I love it when the monks ring the temple bells and a million dogs howl and bark in unison. Monks and dogs go together here. Dogs are safe and fed at monasteries so they often congregate there and the monk boys play with them. When it’s time to chant, the dogs go in the temples and nap while the monks chant. Apparently there are more than 7,000 temples in Cambodia.

There seem to be a lot of deaf people in public life. I don’t know if that means there is a higher deaf population or if there is a scheme that assists them, making them more visible as business owners. There are also a lot of people with missing limbs and other land mine injuries. Cambodia was heavily mined by different parties over the decades and it is a big problem. Stay on the pavement or currently heavily trafficked path! I’ll tell you about a solution they are using when we get to Siem Reap.

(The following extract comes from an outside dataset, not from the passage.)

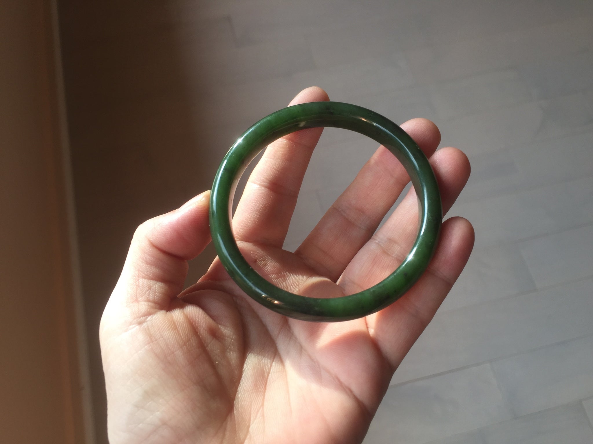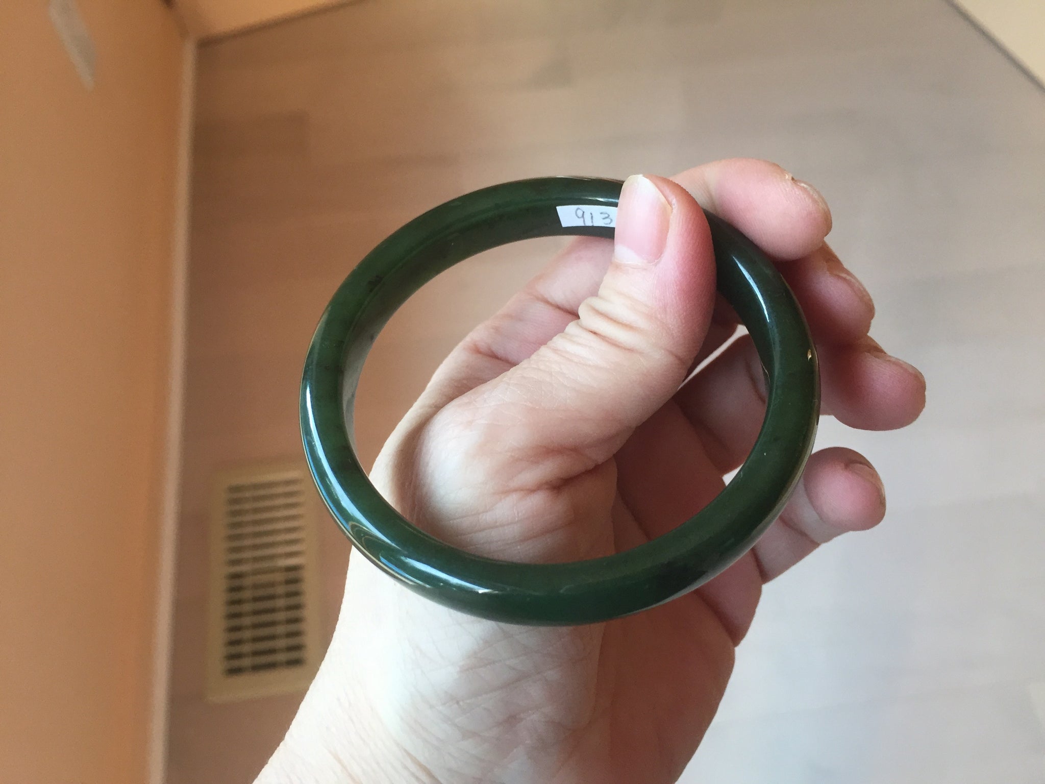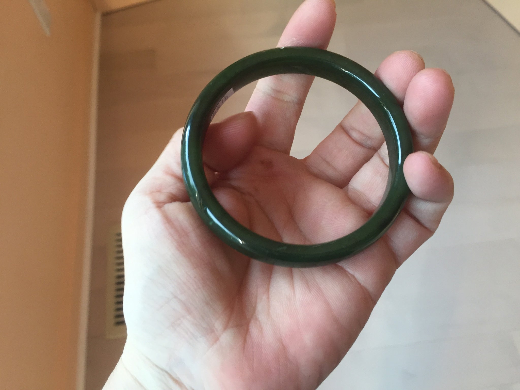 59.2mm certified 100% Natural dark green/black nephrite (碧玉) bangle HN24-9139

There are a vast amount of charities running businesses. Many of the coffee shops, restaurants and artisan shops claim to be training Cambodian youth in these services. If you want to feel good about where your money goes, Cambodia is a good spot for that. We headed to Daughters of Cambodia, a charity that re-trains women and girls who were trafficked or sex workers. They have a lovely shop of their creations, a place where you can see them making the jewelry, a salon where I had a mani-pedi and foot massage, and a café. Their motto is “people are not for sale.”

We wandered over to the Royal Palace and Silver Pagoda, where the king was in residence. We hung out in the Royal Palace until it was time for him to come over and pray. The buildings have been restored after the war, since Pol Pot destroyed many of them. After the Khmer Rouge, but during the civil war, people set up temporary houses and lived in the palace complex. One display case has the uniforms of the King’s personal bodyguards and they were so vibrantly coloured I swear they were the Beatle costumes for Sgt. Pepper. Our guide wasn’t familiar with that Beatles incarnation.

For a lark we did the sunset cruise with unlimited beer. The brand of unlimited beer? Krud. I kid you not, and it wasn’t terrible. 4 rivers meet at Phnom Penh, including the Mekong, and this cruise moved us around through all four. We cruised past glittery temples and empty towers, fishing villages and ferry boats while pop music covers blared with male vocalists replacing the usual female vocalists. Riverside time is always pleasant.

Cambodians seem easy going and friendly, much like the Vietnamese. They talk very matter of factly about the difficult things in their past but don’t linger on them. I find them to be solid, creative, pleasant people with whom to hang out.